Discussion/Alternative Management Options

There are a number of reasons that this patient’s lenses were uncomfortable at first presentation. One was the slightly flat fitting relationship noted on fluorescein pattern evaluation. The previous practitioner had apparently fit his lenses on-K, which did not work in the long run for this patient.

Also, the lens diameter was too small, preventing any lid attachment (even with a minus carrier lenticular). Lid attachment is very important for both good long-term comfort and physiologic response. A lens that rides low tends to create problems with desiccation since the lens does not move sufficiently. It can also lead to lid awareness/irritation since the lid must travel over the lens edge with each blink, which in turn can lead to partial blinking which further dries the surface of the lens and the eye (1). A larger lens allows the upper lid to hold the lens up, which promotes better comfort and allows for a better physiologic outcome because the lens moves more freely and stays wetter.

Finally, the central lens thickness of the original lenses seemed thick. Thick lenses have a more forward center of gravity which creates more of a tendency for the lens to drop. Thinner lenses allow the center of gravity to move posteriorly, which aids centration and allows the upper lid to engage the lenticular more efficiently. Small design modifications can mean the difference between a happy patient who refers others to the practice and one who never returns and advises others to go elsewhere.

Other options for this patient were scleral GP lenses, soft toric lenses, spectacles or refractive surgery. As a chef, spectacles were not practical due to the hot, greasy working conditions in the kitchen. The patient had tried soft lenses years before and found the vision to be unacceptable, and the lenses tore frequently. Also, the care system was cumbersome and expensive. Due to this patient’s refractive error, she had been told she would not be a good candidate for various procedures, and had little interest.

If lens centration had not been achieved for patient CT, scleral GP lenses could have been considered. Scleral GP lenses tend to center well, provide the patient with GP quality vision, and sclerals might be a good option when cooking in a greasy kitchen environment.

It was common practice in the PMMA and low Dk GP era to provide the patient with a wearing time schedule. Generally, this starting with a first day wearing time of 3 to 4 hours and increased by 2 to 3 hours each following day until maximum wearing time was achieved. Many practitioners recommend longer initial and adaptation wearing times. One thought is that daily wearing time is not as important as your patient waiting for one-half to one hour in the morning before they apply their lenses to rejuvenate their corneas with oxygen prior to applying their lenses and removing the lenses one-half to one hour before bedtime.

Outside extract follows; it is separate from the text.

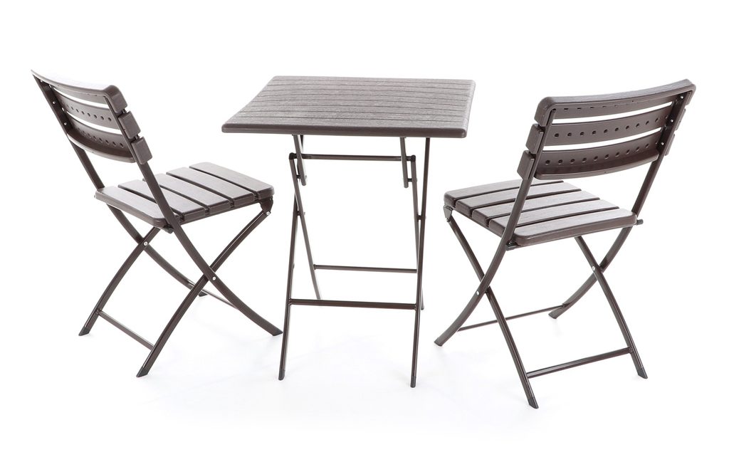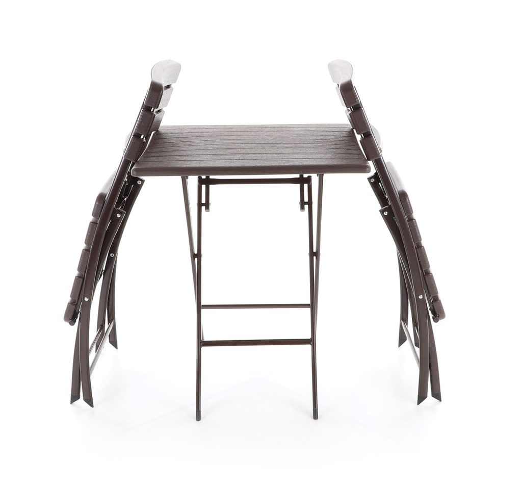 Balkonová sestava Jena VeGA je moderním a praktickým řešením pro každého, kdo hledá stylový a zároveň odolný nábytek na balkon, terasu nebo do zimní zahrady. Sestava zahrnuje dvě skládací židle a stůl, které jsou vyrobeny z kvalitních ocelových profilů s povrchovou úpravou komaxitovou barvou a doplněny deskami z lisovaného plastu v atraktivní imitaci masivního dřeva. Díky UV filtru si materiál dlouhodobě uchovává svůj vzhled i při vystavení přímému slunci.

Spectacle blur was very common in the days of PMMA and low-Dk lens wear. With today’s higher-Dk materials, oxygen deprivation spectacle blur has been minimized. However, corneal distortion and resulting spectacle blur can still be induced mechanically if the GP lens base curve does not contour the cornea and localized areas of touch occur.

At annual examinations, update your patients about new and improved technologies. For example, in this case discuss the status of hyperopic LASIK and other refractive options.


Bennett ES. Lens Design, Fitting, and Evaluation. In Bennett ES, Hom MM. Manual of Gas Permeable Contact Lenses, 2nd ed., Elsevier Science, St. Louis, MO, 2004, 91-113.